▶ _YOUR ASSIGNMENT_
Reproduce word for word the lines between the one containing "H13 True HEPA" and the end of the entries below, both inclusive; leave out pictures.

[GIVEN DATA — start]

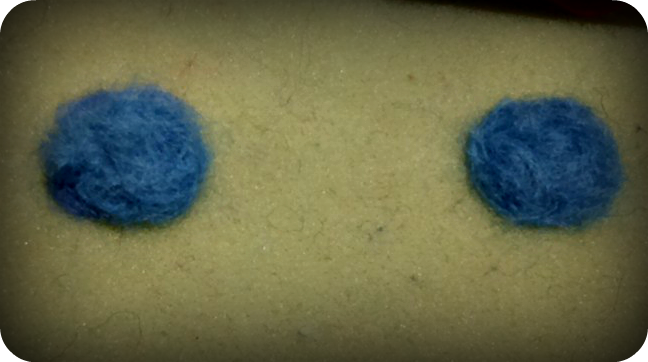 No me resisto a ponerle alguna manchita en turquesa , ( manías mías....) y con fieltro negro comenzamos con las pupilas !!! , pinchamos para mezclar fibras
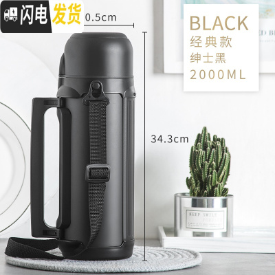 三维工匠大容量保温瓶带盖冲奶粉1000女便携壶可喝水婴儿可爱外出保温杯 黑色2000
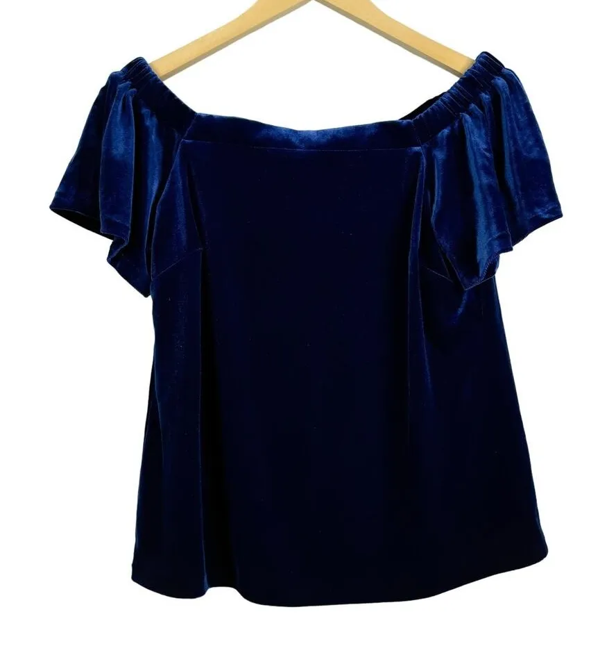 White House Black Market Velvet Off Shoulder Blue Depths Top NWT Measurements Laying Flat!! Size - X... Show more
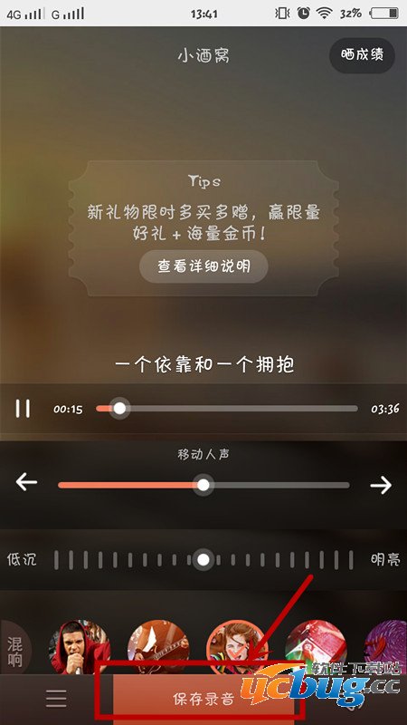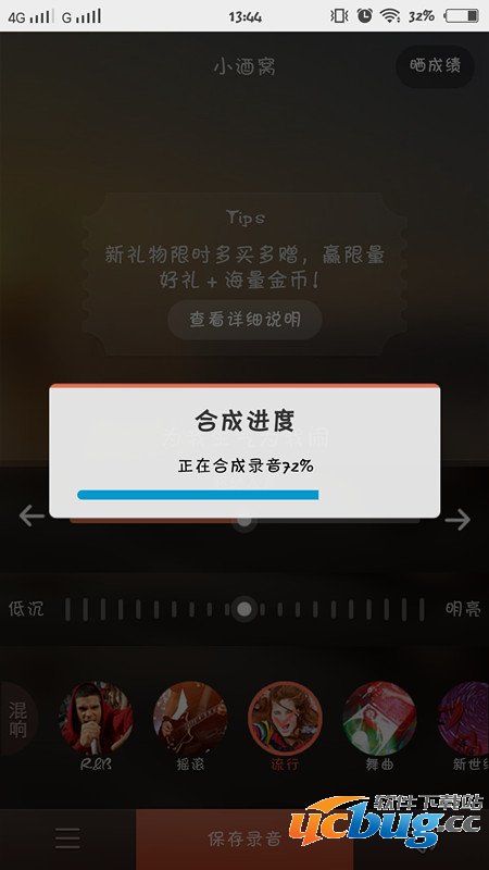 演唱完毕后 可以调试自己的歌声 觉得可以了 就点击保存 等待歌曲合成完毕
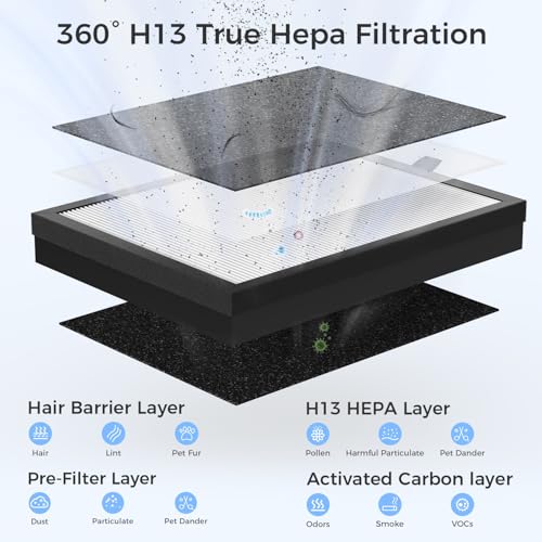 H13 True HEPA Filtration: The advanced H13 HEPA four-layer filtration system achieves a capture rate of 99.97% for particles as small as 0.3 microns and also has an excellent interception effect on particles as small as 0.1 microns. Choose our purifier and make your living space purer and more vibrant.
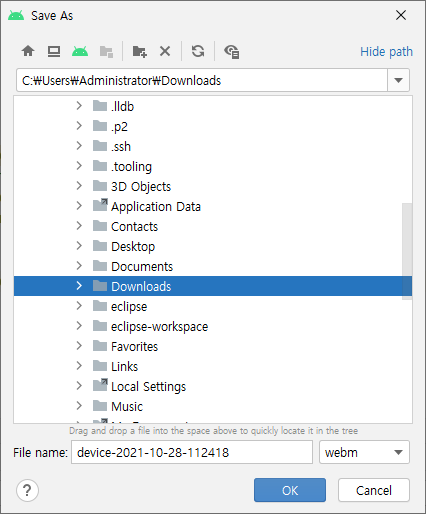 실제 단말에서는 'mp4' 포맷으로 저장되고, 에뮬레이터는 'webm' 포맷으로 저장된다.
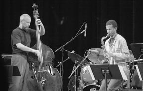 Bassist Dave Holland and his Big Band of jazz musicians accompany tenor saxophonist Chris Potter during his solo in the song “Last Minute Man.” Dave Holland’s Big Band played at the Berklee Performance Center last Friday evening.
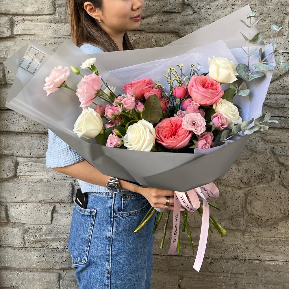 Гвоздики, Лизиантусы, Розы, Тюльпаны

[GIVEN DATA — finish]

▶ _TASK RESULT_
 H13 True HEPA Filtration: The advanced H13 HEPA four-layer filtration system achieves a capture rate of 99.97% for particles as small as 0.3 microns and also has an excellent interception effect on particles as small as 0.1 microns. Choose our purifier and make your living space purer and more vibrant.
 실제 단말에서는 'mp4' 포맷으로 저장되고, 에뮬레이터는 'webm' 포맷으로 저장된다.
 Bassist Dave Holland and his Big Band of jazz musicians accompany tenor saxophonist Chris Potter during his solo in the song “Last Minute Man.” Dave Holland’s Big Band played at the Berklee Performance Center last Friday evening.
 Гвоздики, Лизиантусы, Розы, Тюльпаны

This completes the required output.